Mattinata di lotta a Cornigliano, in provincia di Genova, dove gli operai dell’ex Ilva sono usciti dalla fabbrica dopo un’assemblea interna e hanno avviato un presidio a oltranza contro il piano del governo per il futuro dello stabilimento. Sono stati usati mezzi pesanti per bloccare le strade ed è stata dichiarata l’occupazione della fabbrica.
La preoccupazione dei lavoratori è per il rischio concreto di chiusura dello stabilimento genovese con conseguente perdita di mille posti di lavoro.

La protesta degli operai dell’ex Ilva di Genova

I lavoratori hanno percorso via Guido Rossa con i mezzi aziendali, raggiungendo il centro di Cornigliano, dove intorno alle 9 è stato bloccato il traffico in via Cornigliano, all’altezza della stazione.
«Il piano del governo porta alla chiusura della fabbrica – affermano Armando Palombo, storico delegato Fiom Cgil della ex Ilva di Cornigliano, e di Stefano Bonazzi, segretario generale Fiom Cgil Genova – con la conseguenza che a Genova abbiamo mille posti di lavoro a rischio e la fine della siderurgia nella nostra città e nel Paese».

Secondo Palombo, la situazione è ormai al limite: «Quel poco che si produce viene inviato subito a Taranto per fare cassa. Così gli stabilimenti del Nord, a partire da Genova e poi Novi, resteranno senza prodotto e quindi chiuderanno. Non si parla più di una cassa integrazione in più o in meno: qui stanno chiudendo l’intera siderurgia italiana».
I sindacati sottolineano anche l’urgenza dei tempi: «Dal primo gennaio saranno in 6 mila in cassa integrazione a livello nazionale – proseguono Palombo e Bonazzi – e dal primo marzo gli impianti verranno chiusi».
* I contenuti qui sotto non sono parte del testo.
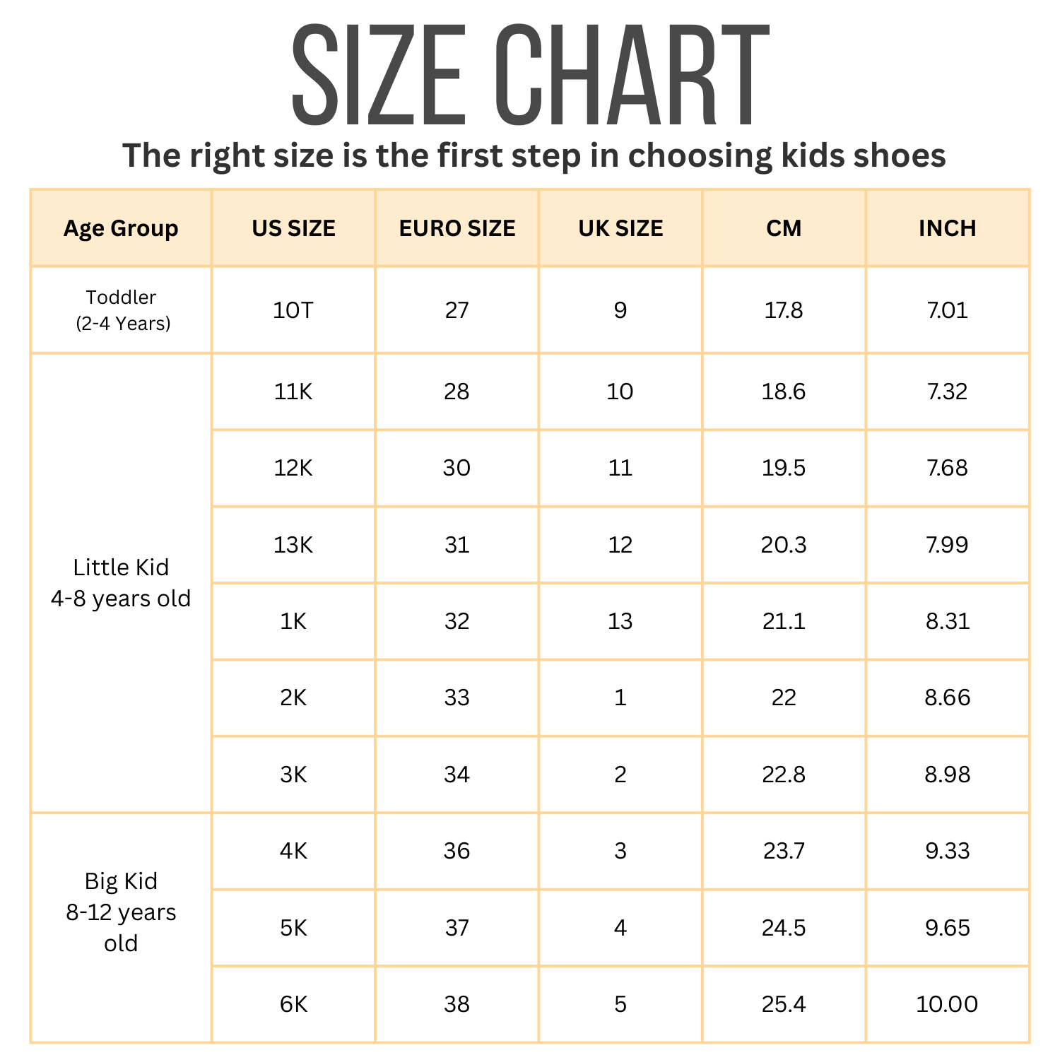 | US SIZE | EURO SIZE | UK SIZE | AGE GROUP |

Dal presidio arriva anche un appello diretto agli enti locali. Nicola Apicella, coordinatore rsu Fiom Cgil, non usa mezzi termini: «Oggi abbiamo proclamato 24 ore di sciopero e dichiarato l’occupazione della fabbrica. Con i nostri mezzi andremo a Ponte Morigiano e attenderemo lì. Qualcosa deve succedere».
Poi l’invito a Comune e Regione: «Non basta la solidarietà espressa con i comunicati. Chiediamo che sospendano le sedute istituzionali e vengano qui. Devono rendersi conto che Genova rischia di perdere 1.000 posti di lavoro. A chi parlava di piani miracolosi, ricordiamo che oggi sul piatto non c’è un cassintegrato in più, ma un’intera fabbrica che chiude».